[RAW DATA Boundary: Start]
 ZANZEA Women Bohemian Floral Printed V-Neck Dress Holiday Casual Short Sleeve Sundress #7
[RAW DATA Boundary: End]
[RAW DATA Boundary: Start]
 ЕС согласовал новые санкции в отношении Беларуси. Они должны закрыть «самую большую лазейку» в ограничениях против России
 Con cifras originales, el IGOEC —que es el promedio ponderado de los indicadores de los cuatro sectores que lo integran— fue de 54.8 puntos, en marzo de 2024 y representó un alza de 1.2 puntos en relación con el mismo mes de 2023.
[RAW DATA Boundary: End]
> _TASK GOAL_
Retype only the stretch of lines above starting at the one with "ЕС согласовал новые" and stopping at the one with "Con cifras originales, el", exactly as written, with both kept.

> _TASK RESPONSE_
 ЕС согласовал новые санкции в отношении Беларуси. Они должны закрыть «самую большую лазейку» в ограничениях против России
 Con cifras originales, el IGOEC —que es el promedio ponderado de los indicadores de los cuatro sectores que lo integran— fue de 54.8 puntos, en marzo de 2024 y representó un alza de 1.2 puntos en relación con el mismo mes de 2023.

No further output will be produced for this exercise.